The subject was part of the issue. It’s a story about a girl coming face-to-face with the life she can look forward to as a woman. It’s a story about rejection, and I think our world rejects twelve-year-old girls. Their struggles in and of themselves are not interesting, unless amplified by traumatic events. Not interesting to adults, anyway. We’ve left all that behind. (Or have we? I have seen Kristen Thomson’s I Claudia three times now. Three times I’ve seen an audience dumbstruck and weeping, unable to get up from their seats for many long minutes after the performance. Not just the women, either.) Somehow, the rejection of that story felt like a rejection of something deep in myself.
The length was part of it. No, all of it. I felt that I needed to tell this story in a deliberate way, explore the character’s thoughts, sparing no detail. Not her feelings, her thoughts. Now, because of e-publishing, there’s a place for all that length, all that detail, for my story and whatever part of me it links to. Something about me feels settled, and profoundly happy. But it’s big.
And so I needed my Sunday, my book.
My book. It’s not just reading that provides the sense of rest and renewal that I daresay we all crave. It’s reading a book, something that doesn’t come at you. Would I have wanted to read a text with sound effects, videos, links that allowed me to choose which characters to follow? Smellorama? Hell no.
The pages, the scent and feel of a book are honestly not that important to me. I’ve been through too many moves, spent too much time clearing out people’s stuff after they’ve died. If I could live paperless, I would. But there’s something about the quietness of reading, the invitation to put myself into the book, as much as let the book in to me. That’s something I can’t leave behind. It’s a big mistake to think of reading as an experience of just taking in content.

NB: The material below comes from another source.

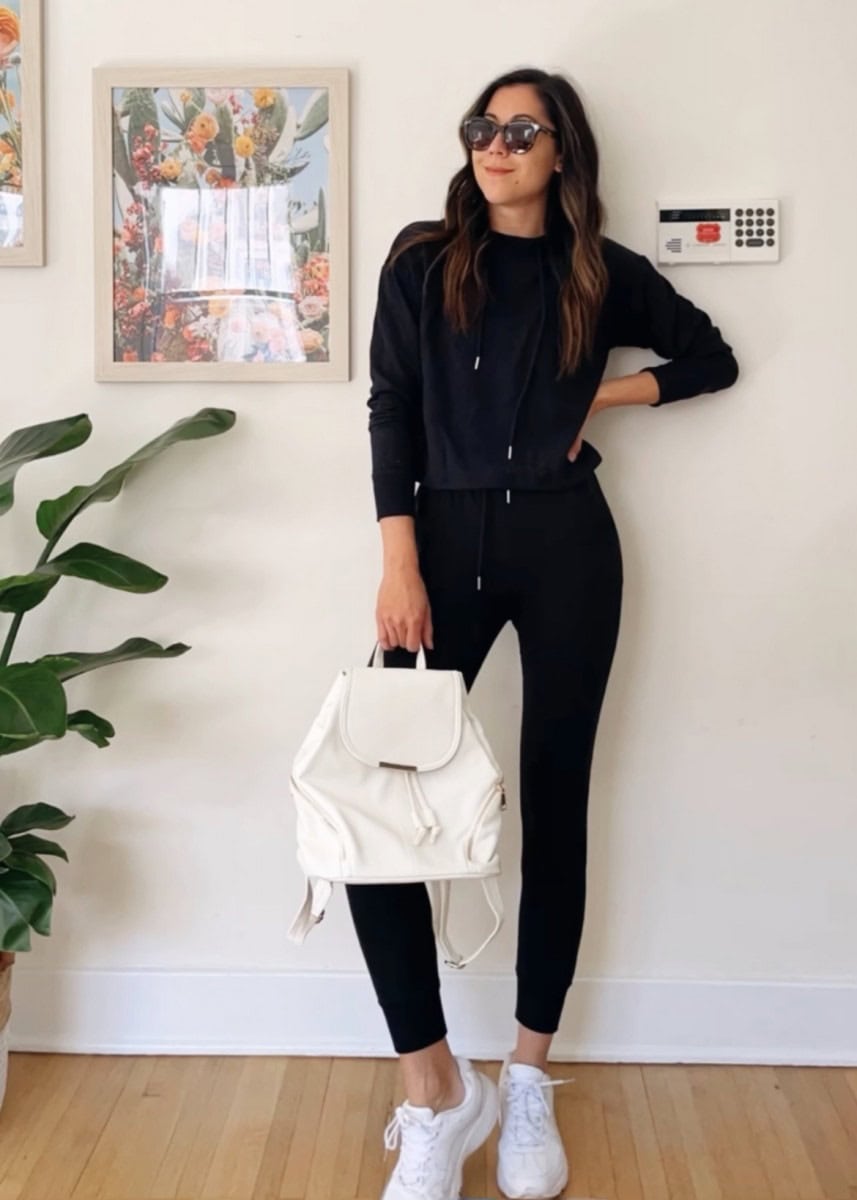 Elevate your fall workout wardrobe with this chic all-black activewear ensemble. The matching set features a long-sleeve top and form-fitting leggings, perfect for transitional weather. The monochromatic look is not only slimming but also versatile, allowing you to mix and match with other pieces. Paired with white sneakers and a contrasting white backpack, this outfit strikes the perfect balance between style and functionality. The dark hue is ideal for cooler autumn days, while the fitted silhouette ensures unrestricted movement during your workouts. This sleek combination proves that fitness attire can be both practical and fashionable, boosting your confidence and motivation as you tackle your fall fitness goals.
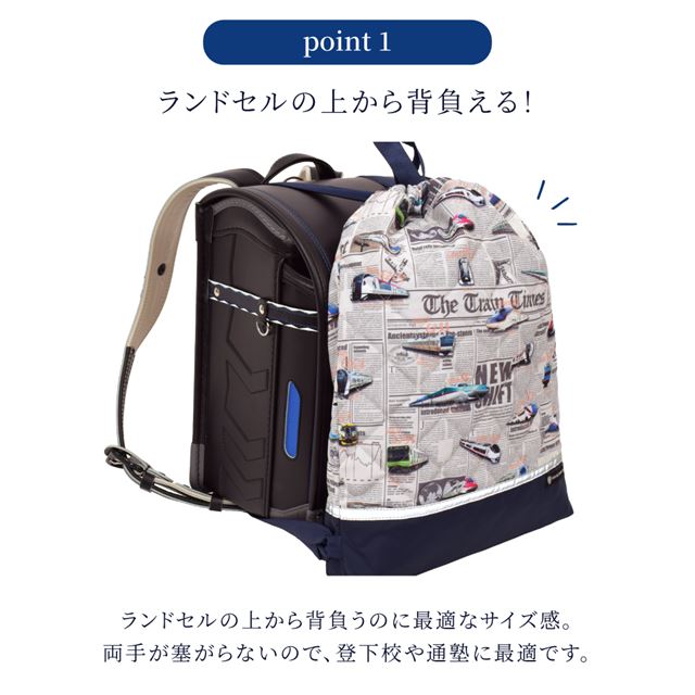 3.リュックにも手提げにも使える2WAY仕様で、ランドセルの上からも背負えます

Reading happens between me and the book.
The best moments are the ones when I look out into the room and absorb a thought, appreciate a phrase, shed a few tears for this plucky character or for myself in a similar situation. This is all the more true of a demanding book, a work of philosophy, or a painful and unsettling work of fiction. To me those moments are the essence of reading, they are why reading is a welcome experience, and a healing one. Over the next few weeks, I’ll be buying an e-reader (one without a backlit screen of course). I guess I’ll find out if it gives me the same experience. I really, really hope so.